Patients with Hodgkin's disease, treated at most major medical centers, enjoy a cure rate on the average of approximately 75 percent. An additional 5 or 10% will not die of Hodgkin's disease, because of the success of secondary treatments or because their deaths result from other related or unrelated causes. There are sub-groups of patients who fare better or worse than this average, depending on prognostic factors such as age, stage, bulk, or site of disease and on the primary management program. Substantial improvements in these curability and survival statistics will be difficult to achieve and demonstrate. The major efforts of clinical investigators of Hodgkin's disease in 1990 are to identify and reduce the serious long-term morbidities of treatment programs and to assure that the excellent outcome results achieved at major centers can be accomplished more widely throughout the world. The emerging challenge for investigators of Hodgkin's disease in the next decade is not only to refine treatment methods but to gain a better understanding of the nature, etiology, and pathogenesis of the disease.

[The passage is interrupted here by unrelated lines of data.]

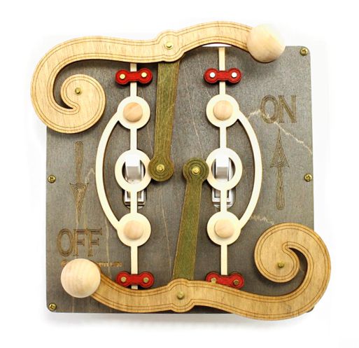 - Light switch cover is completely functional. Gear handle moves rack, turning on and off light switch
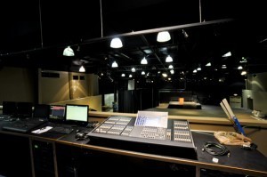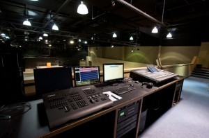 A view from the AV control area looking at the front of the auditorium/multi-purpose room
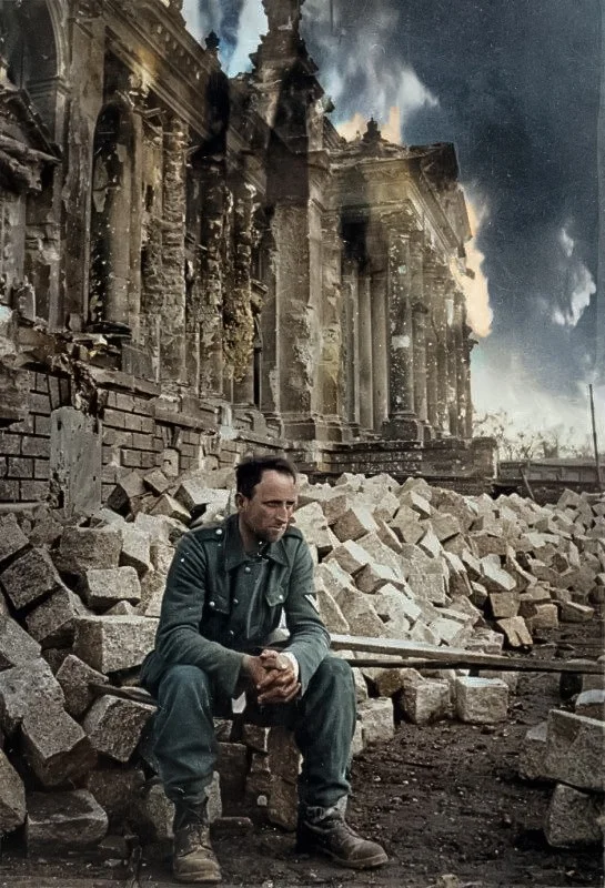 Пленный немецкий солдат у Рейхстага. Май, 1945 года.

There are very important data and observations that suggest that Hodgkin's disease is not a single disease entity, based on epidemiologic, histologic, and immunologic characteristics. Despite the heterogeneity of the disease, familial clustering and HLA correlations give strong evidence that there is a genetic basis for at least a component of the pathogenesis. The new tools and concepts of the molecular geneticist combined with the recognition of more homogeneous disease subgroups give great promise that the genetic basis of Hodgkin's disease will soon be understood.(ABSTRACT TRUNCATED AT 250 WORDS)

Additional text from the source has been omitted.